The following piece starts throwing ConcurrentModificationException
in my application (in the iterator):
final Map<?, ?> systemProperties = System.getProperties()
final Map<String, String> properties = (Map<String, String>) systemProperties
for (final Entry<String, String> entry : properties.entrySet()) { // exception here
System.out.println(entry)
}
I am running a multi-threaded application, and unfortunately I do not have access to the code that is modifying the system properties (it could even be a third party library).
To fix that, we can take a snapshot of system property keys:
final Properties systemProperties = System.getProperties()
final Set<String> keys = systemProperties.stringPropertyNames()
for (final String key : keys) {
System.out.println("key: " + key)
final String value = systemProperties.getProperty(key)

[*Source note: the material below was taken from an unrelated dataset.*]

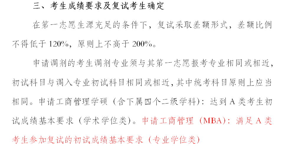 2020年全國碩士研究生招生考試考生進入復試的初試成績基本要求(A類考生專業學位類)175/44/88

System.out.println("value: " + value) // value can be null!
}
Notice the value
comment - while stringPropertyNames
states set of keys in this property list where the key and its corresponding value are strings
, the system property could have been changed in the meantime.
Why so much legwork?
System properties are an instance of java.util.Properties
, and its methods getProperty
, setProperty
are thread-safe.
Unfortunately, Properties' entry set's iterator (which I had used in question) is not thread-safe:
If the map is modified while an iteration over the set is in progress (except through the iterator's own remove operation, or through the setValue operation on a map entry returned by the iterator) the results of the iteration are undefined
So actually when I was iterating over that map, some system property was modified (= that entry said was modified), which caused CME to be thrown.
This q&a pair also applies to any generic Properties
usage - just system properties make it trickier, with ability to access them directly with statics such as java.lang.System.setProperty(String, String)
- so controlling all accesses (especially in shared code) gets harder.